**DATA SECTION**
= = = = =
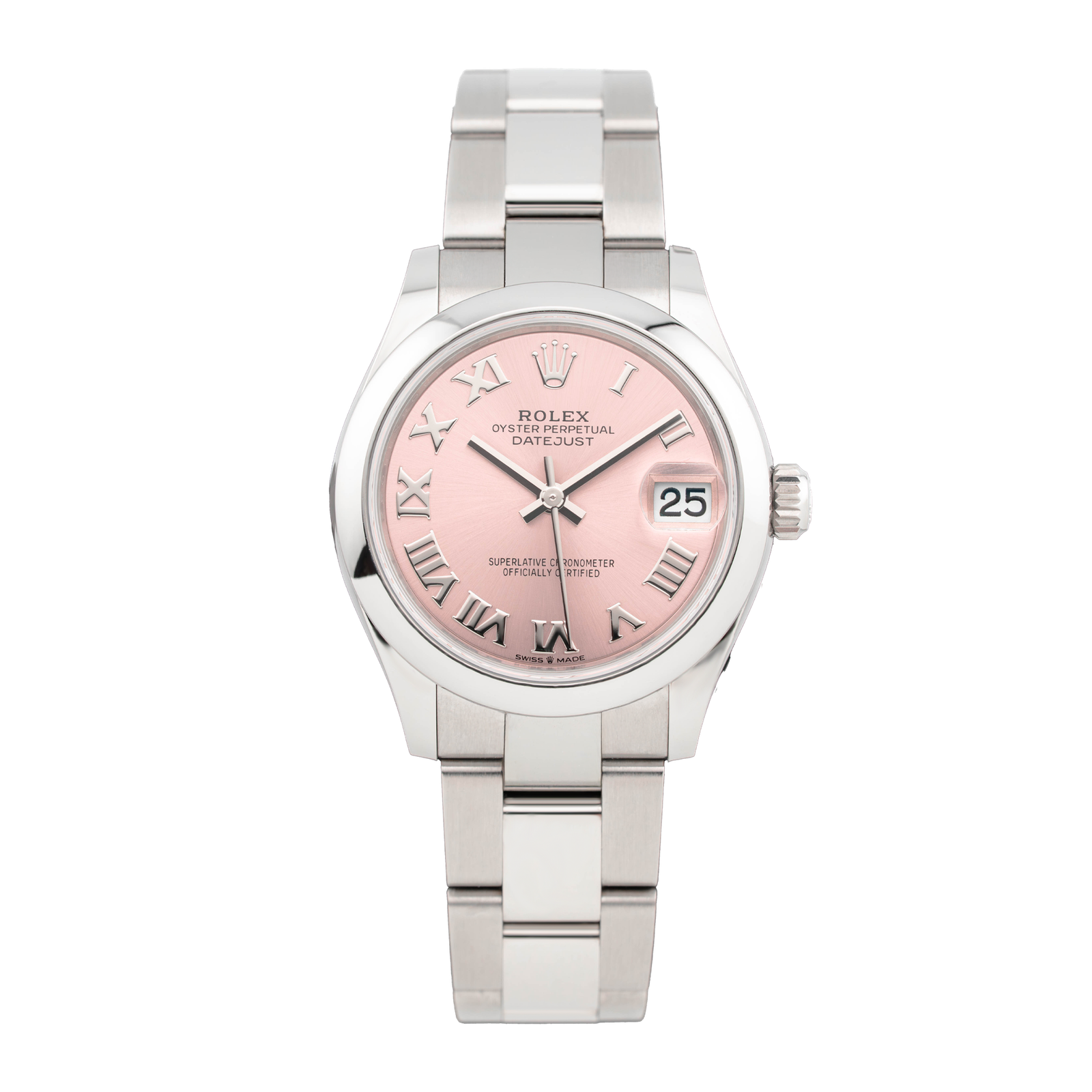 Elevate your style with the captivating Rolex Datejust 31 in Oystersteel, featuring a stunning pink dial that exudes timeless elegance. This sophisticated timepiece showcases Rolex’s exceptional craftsmanship and attention to detail, making it the perfect accessory for any occasion. The delicate pink dial, created using Rolex’s masterful sunray finishing technique, reflects light beautifully, creating a subtle glow that captivates the eye. The Roman numeral hour markers add a touch of classic charm, while the stainless steel Oystersteel case ensures durability and corrosion resistance, making this watch a reliable companion for everyday wear. Complementing the refined dial, the Oyster bracelet seamlessly combines form and function, offering a comfortable and secure fit. Equipped with Rolex’s exclusive Easylink comfort extension system, the bracelet can be easily adjusted to provide a customized fit, ensuring all-day comfort and versatility. Powered by the self-winding Calibre 2236 movement, the Rolex Datejust 31 in Oystersteel with a pink dial delivers reliable and precise timekeeping, making it a versatile choice for a wide range of scenarios, from formal events to casual outings. Whether you’re dressing up for a special occasion or seeking a sophisticated everyday accessory, the Rolex Datejust 31 in Oystersteel with a pink dial is the perfect timepiece to elevate your style and make a lasting impression.Read More
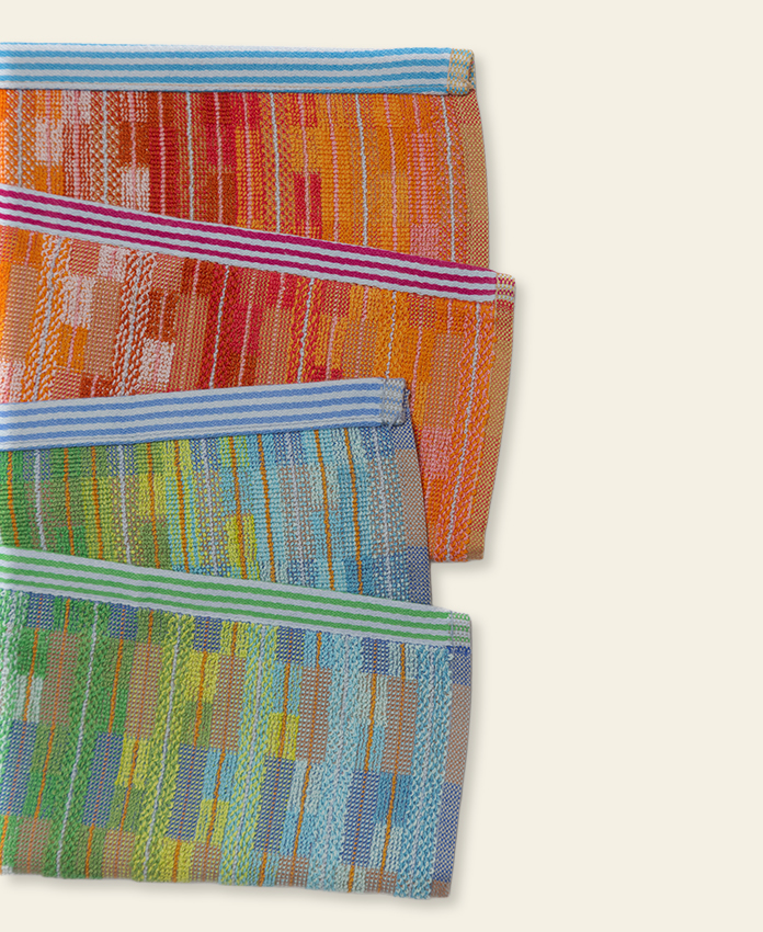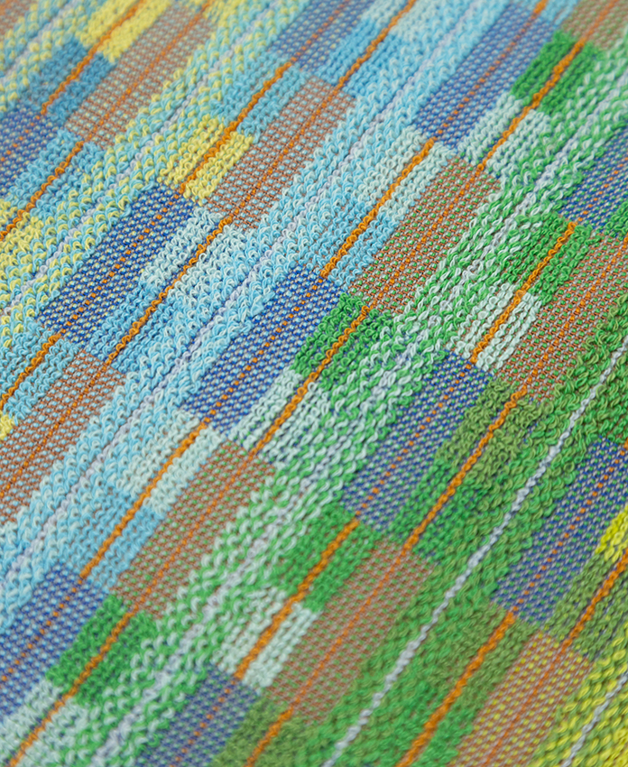 Le motif Basket #110 joue sur les fils tissés en jacquard, caractéristique du savoir-faire Foekje Fleur. Par ailleurs, la fabrication au Portugal garantit une qualité textile rigoureuse. La combinaison de couleurs reçue dépend des surplus disponibles au moment de la production — certaines couleurs peuvent être plus présentes que d’autres dans le duo. C’est d’ailleurs ce qui en fait un objet vivant, jamais tout à fait identique d’une commande à l’autre.
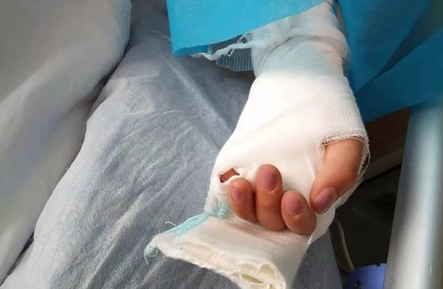 手部受伤后,王女士想自己处理下,结果发现伤口状况不允许。她第一反应就是想拔掉鱼刺,拔了两次,稍微动了一下感觉太深了,她紧接着就喊家人去医院。
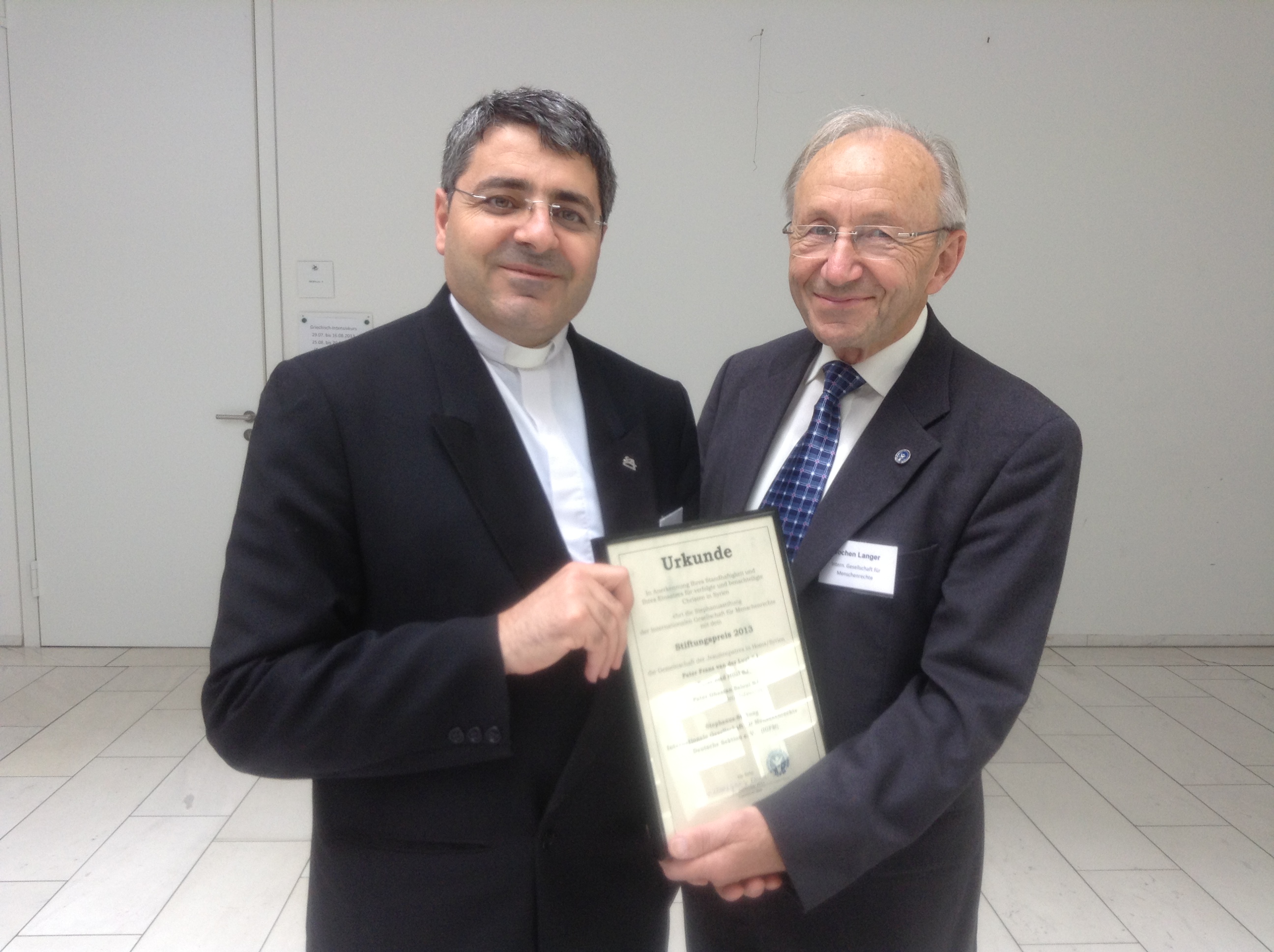 Quelle joie d’être parmi vous aujourd’hui pour recevoir ce prix remis par votre fondation Stephanus qui aide les œuvres humanitaires touchant tout homme. J’aurai aimé venir avec le père Frans, mon compagnon jésuite, mon supérieur et mon ami dans cette crise. Les 900 mètres qui nous séparent n’ont pas pu couper la communication entre nous et ne nous ont pas empêchés de nous soutenir l’un l’autre.
= = = = =
**PROBLEM**
Would you retype every line shown above exactly, leaving the pictures aside?

**ANSWER SPACE**
 Elevate your style with the captivating Rolex Datejust 31 in Oystersteel, featuring a stunning pink dial that exudes timeless elegance. This sophisticated timepiece showcases Rolex’s exceptional craftsmanship and attention to detail, making it the perfect accessory for any occasion. The delicate pink dial, created using Rolex’s masterful sunray finishing technique, reflects light beautifully, creating a subtle glow that captivates the eye. The Roman numeral hour markers add a touch of classic charm, while the stainless steel Oystersteel case ensures durability and corrosion resistance, making this watch a reliable companion for everyday wear. Complementing the refined dial, the Oyster bracelet seamlessly combines form and function, offering a comfortable and secure fit. Equipped with Rolex’s exclusive Easylink comfort extension system, the bracelet can be easily adjusted to provide a customized fit, ensuring all-day comfort and versatility. Powered by the self-winding Calibre 2236 movement, the Rolex Datejust 31 in Oystersteel with a pink dial delivers reliable and precise timekeeping, making it a versatile choice for a wide range of scenarios, from formal events to casual outings. Whether you’re dressing up for a special occasion or seeking a sophisticated everyday accessory, the Rolex Datejust 31 in Oystersteel with a pink dial is the perfect timepiece to elevate your style and make a lasting impression.Read More
 Le motif Basket #110 joue sur les fils tissés en jacquard, caractéristique du savoir-faire Foekje Fleur. Par ailleurs, la fabrication au Portugal garantit une qualité textile rigoureuse. La combinaison de couleurs reçue dépend des surplus disponibles au moment de la production — certaines couleurs peuvent être plus présentes que d’autres dans le duo. C’est d’ailleurs ce qui en fait un objet vivant, jamais tout à fait identique d’une commande à l’autre.
 手部受伤后,王女士想自己处理下,结果发现伤口状况不允许。她第一反应就是想拔掉鱼刺,拔了两次,稍微动了一下感觉太深了,她紧接着就喊家人去医院。
 Quelle joie d’être parmi vous aujourd’hui pour recevoir ce prix remis par votre fondation Stephanus qui aide les œuvres humanitaires touchant tout homme. J’aurai aimé venir avec le père Frans, mon compagnon jésuite, mon supérieur et mon ami dans cette crise. Les 900 mètres qui nous séparent n’ont pas pu couper la communication entre nous et ne nous ont pas empêchés de nous soutenir l’un l’autre.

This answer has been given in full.